### Problem details
Output exactly, and only, the lines below from the one with "mensal e semanal." down to the one with "vyjeli policisté, hasiči". Include both end lines and no pictures.

### Data for this task
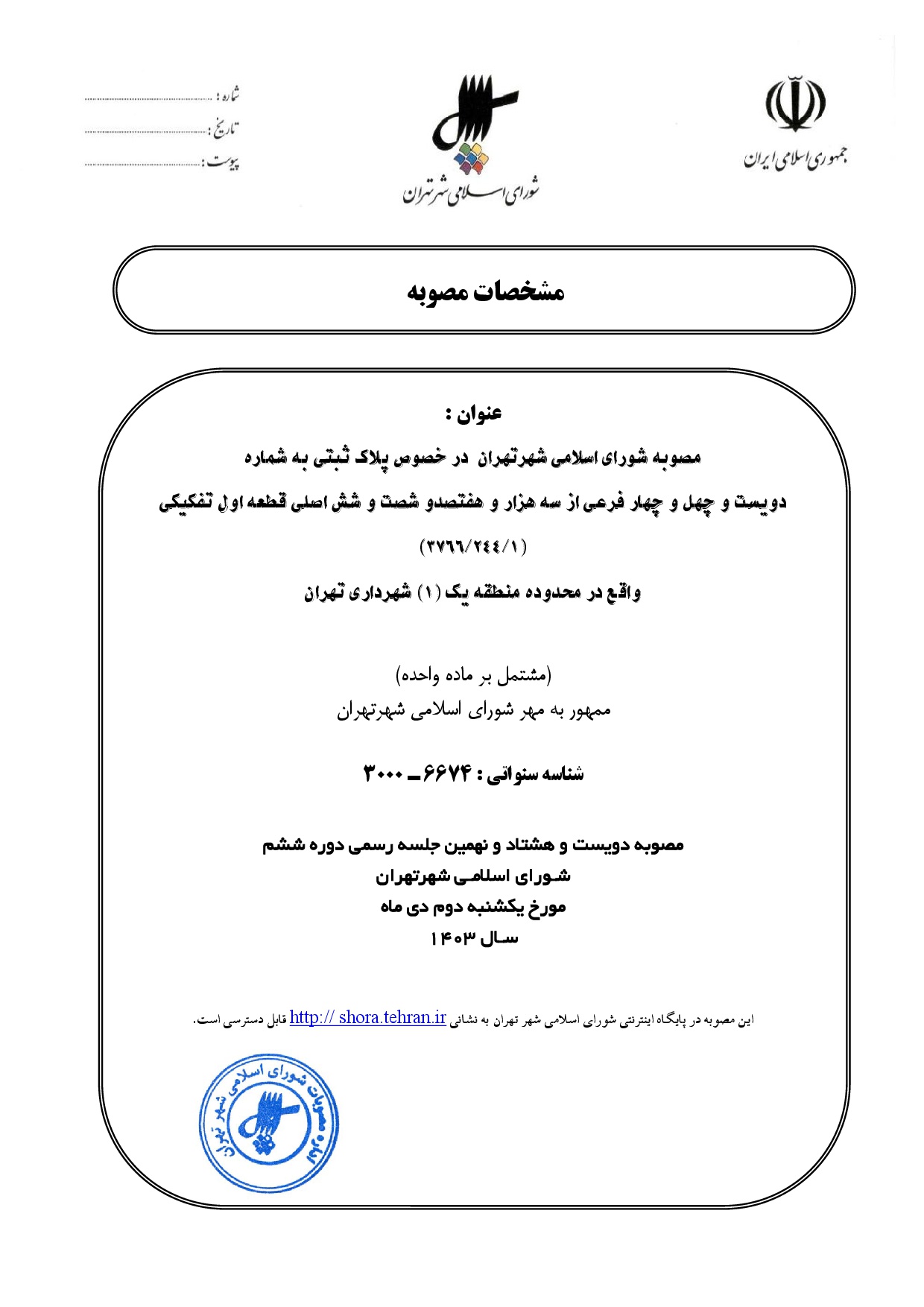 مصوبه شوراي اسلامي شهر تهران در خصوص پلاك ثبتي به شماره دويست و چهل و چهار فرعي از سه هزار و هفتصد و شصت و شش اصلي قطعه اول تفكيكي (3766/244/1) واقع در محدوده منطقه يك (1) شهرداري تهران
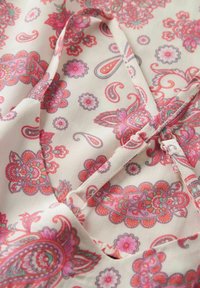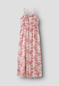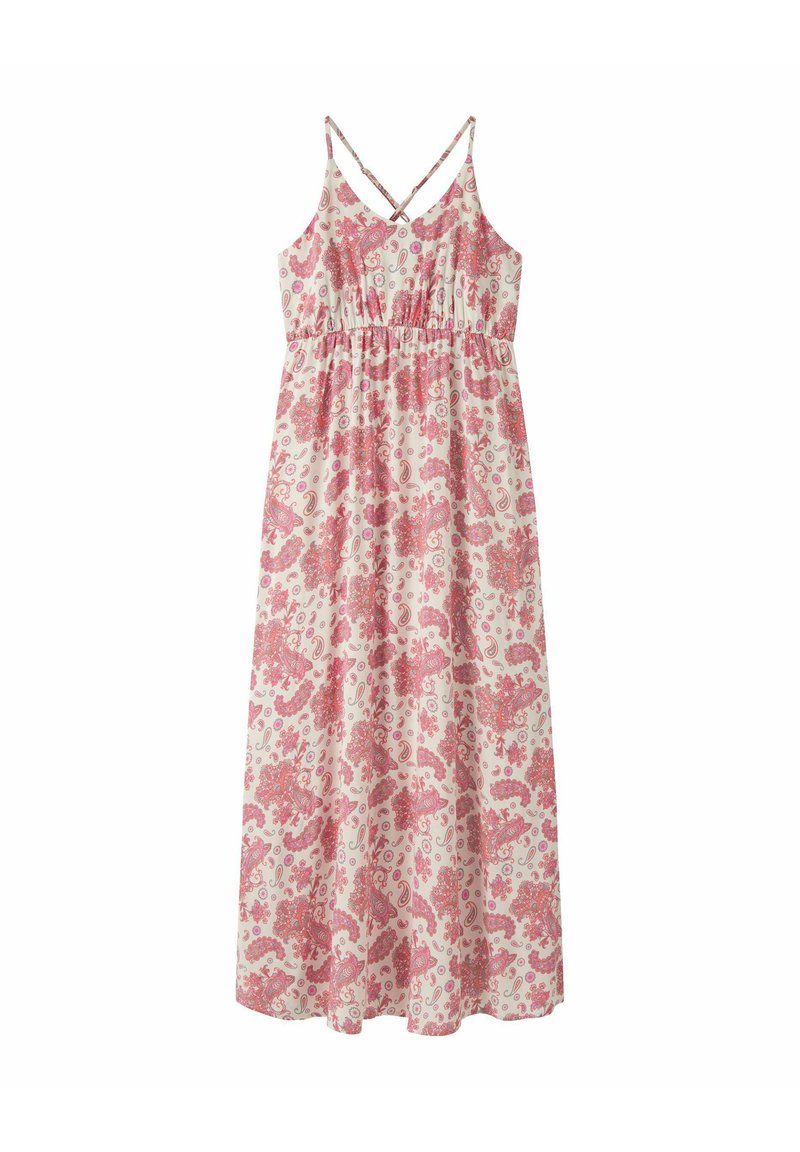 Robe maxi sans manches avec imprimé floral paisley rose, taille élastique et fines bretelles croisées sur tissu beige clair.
* * *
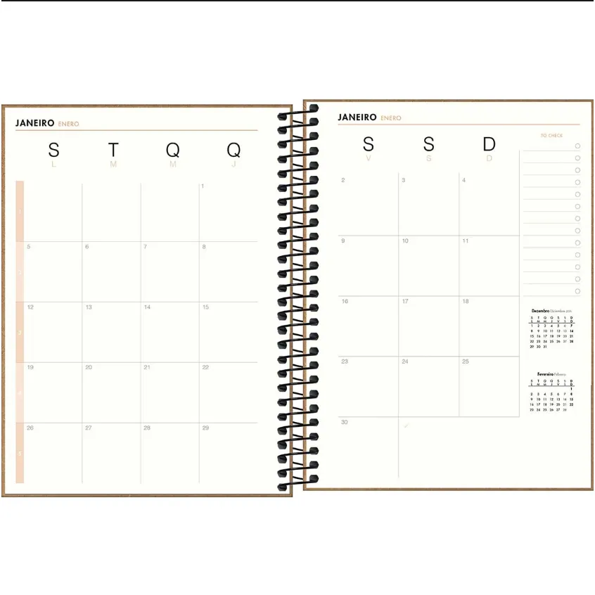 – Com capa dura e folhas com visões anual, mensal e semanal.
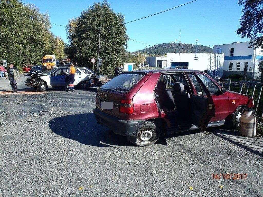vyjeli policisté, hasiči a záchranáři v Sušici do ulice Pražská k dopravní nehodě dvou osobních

### Result below
 – Com capa dura e folhas com visões anual, mensal e semanal.
vyjeli policisté, hasiči a záchranáři v Sušici do ulice Pražská k dopravní nehodě dvou osobních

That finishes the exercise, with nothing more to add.